Scottish bagpipe player (b. 1998)

Brìghde Chaimbeul (/gd/; BREECH-uh-KHYM-beell; born 1998) is a Scottish piper, who plays the traditional Great Highland bagpipe and the revived Scottish smallpipes.

==Life==
Chaimbeul was born in 1998 and brought up in Sleat on the Isle of Skye, and is a native Gaelic speaker.

She learned the fiddle and piano before taking up the pipes at the age of seven, having been inspired to learn the pipes after hearing Rona Lightfoot at the age of four. She received tuition from Niall Stewart, and competed successfully in solo competitions on the Great Highland bagpipe from a young age.

Along with her four siblings, she attended St Mary's Music School in Edinburgh, where she received tuition from Iain Speirs.

In 2014, Chaimbeul took up the Scottish smallpipes, being gifted a set by Hamish Moore, and received tuition on them from his son Fin Moore.
A bursary from the Saltire Society allowed her to visit Bulgaria to study the piping tradition there, and her music has been influenced by Bulgarian, Irish, Scandinavian and Cape Breton traditions. Chaimbeul has worked extensively with Aidan O'Rourke, as well as Ross Ainslie, John McSherry, Paul Meehan, Martin Green, Carlos Núñez and Allan MacDonald. She appeared on Caroline Polachek's single "Blood & Butter" from Polachek's 2023 album Desire, I Want to Turn Into You as a soloist.

Chaimbeul won the BBC Radio 2 Young Folk Award in 2016, and the "Horizon Award" in the 2019 BBC Radio 2 Folk Awards.
Her debut album The Reeling was recorded in 2019 in the Cromarty East Church, featuring Aidan O'Rourke, Radie Peat from Lankum, and Rona Lightfoot. She has played at events including Celtic Colours, Celtic Connections, and Piping Live.

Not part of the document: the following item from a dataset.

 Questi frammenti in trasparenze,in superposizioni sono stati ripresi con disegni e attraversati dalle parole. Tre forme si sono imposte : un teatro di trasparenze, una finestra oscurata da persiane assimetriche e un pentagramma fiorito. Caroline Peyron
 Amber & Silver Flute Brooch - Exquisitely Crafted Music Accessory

Her older sisters Màiri and Steaphanaidh are harpists, her father Aonghas Phàdraig Caimbeul is a writer and broadcaster, and her mother Liondsaidh Chaimbeul is a sculptor.

==Discography==
- The Reeling (2019)
- Las (2021), with Ross Ainslie and Steven Byrnes
- Carry Them With Us (2023), featuring Colin Stetson
- Sunwise (2025)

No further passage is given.